For more reading or to go indepth refer official reference of python language https://docs.python.org/3/reference/

Also refer to the Padhai-One Github repo for updates & other notebooks

Dictionary

Dictionaries are mutable data objects that has mapping between the keys and values. Keys are similar to set elements that would be hashed and stored. Each key will a have a value (object) associated with it. Dictionary do not preserve ordering.

Keys has to be immutable objects like int, float, string, tuple; whereas values can be any mutable or immutable object like even lists. This is because only keys are hashed, not values.

Creating Dictionary

List can be created in 2 ways

  1. using {} curly brackets
  2. using dict() function, which takes any sequence type or iterable objects (like other list, tuple, set) whose elements are objects with pair of elements
  3. using fromkeys() method for initializing dictionary

A dictioanry element has two parts represented as {key : value}. Key and associated value should be seperated by :.
The Keys will/need_to be unique while values will/need not.

In [1]:
# empty dictionary
a = {}
b = dict()

# initalized dictionary
c = {"a":1,"b":2, "c":3, "d":4}
d = dict([ (1,"a"), (2,"b") ]) # create dict from sequence of paired elements
e = c # shallow copy from a list

# Print
print("a = ",a, "\nb = ",b, "\nc = ",c, "\nd = ",d, "\ne = ",e )
a =  {} 
b =  {} 
c =  {'a': 1, 'b': 2, 'c': 3, 'd': 4} 
d =  {1: 'a', 2: 'b'} 
e =  {'a': 1, 'b': 2, 'c': 3, 'd': 4}

As one can see a list with elements made of tuple with element pairs is converted into Dictionary.

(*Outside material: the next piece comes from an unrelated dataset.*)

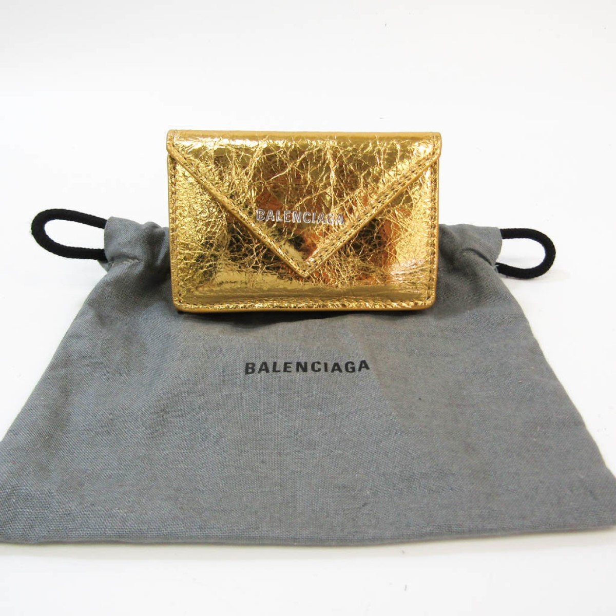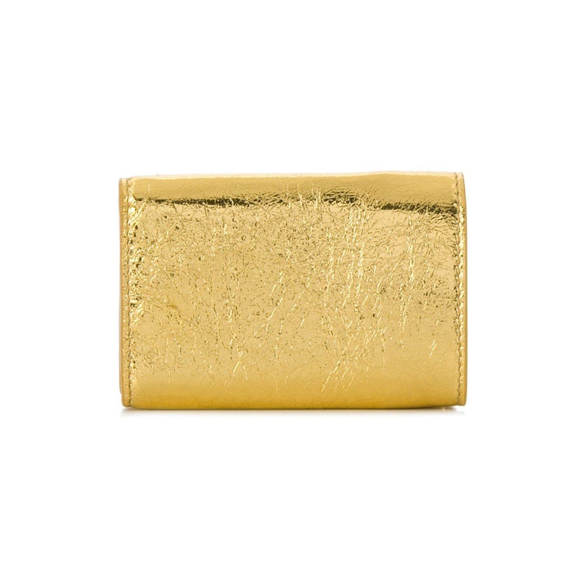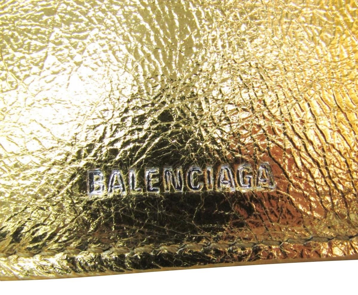 This trifold wallet from Balenciaga is not only fun, but function. This wallet is crafted out of beautiful soft lambskin leather. The exterior has bright beautiful metallic gold leather while the interior is lined with black fabric. The front of the wallet features the iconic Balenciaga logo in metallic gold. On inside of the wallet there is a bill slot, three card slots, along with a coin pouch.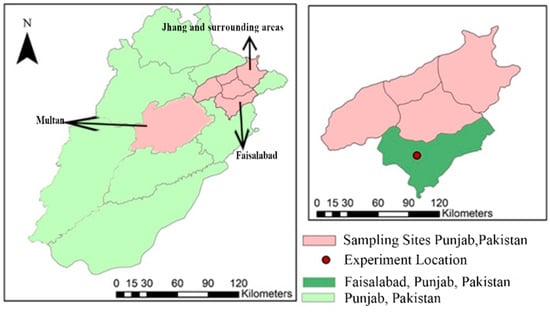 The soil samples were collected from various regions of the Punjab province of Pakistan (Figure 1). The random sampling was carried out in the districts of Jhang, Faisalabad, and Multan from hydrocarbon-contaminated soils. Composite samples of 1 kg were prepared by sampling at different locations. Sampling sites were areas used for oily chemical sludge drainage and processing. Soil samples were collected using tube augar. The soil sampling thickness was up to 90 cm from the ground layer. The four soil samples obtained were used to extract 10 microbial isolates, and composite samples were used to test the total hydrocarbon content of petroleum (TPH). The collected soil samples were stored at 4 °C in the dark in zipped plastic bags prior to use for bacterial isolation and sample TPH contamination assessment.

For dict() function, it is required to have paired elements or else it will throw error. Check the below cases.

In [2]:
a = [1,2,3,4]
try:
    out = dict(a) # throw error
except Exception as error:
    print("`a` convertion TypeError:", error)

b = (1,2)
try:
    out = dict(b) # throw error
except Exception as error:
    print("`b` convertion TypeError:", error)

c = {1,2,3}
try:
    out = dict(c) # throw error
except Exception as error:
    print("`c` convertion TypeError:", error)

d = "hello World"
try:
    out = dict(d) # throw error
except Exception as error:
    print("`d` convertion TypeError:", error)
`a` convertion TypeError: cannot convert dictionary update sequence element #0 to a sequence
`b` convertion TypeError: cannot convert dictionary update sequence element #0 to a sequence
`c` convertion TypeError: cannot convert dictionary update sequence element #0 to a sequence
`d` convertion TypeError: dictionary update sequence element #0 has length 1; 2 is required

It is mandatory for data sequences and sets to have elements as clubbed pairs of objects, that would form key and corresponding value in dictionary.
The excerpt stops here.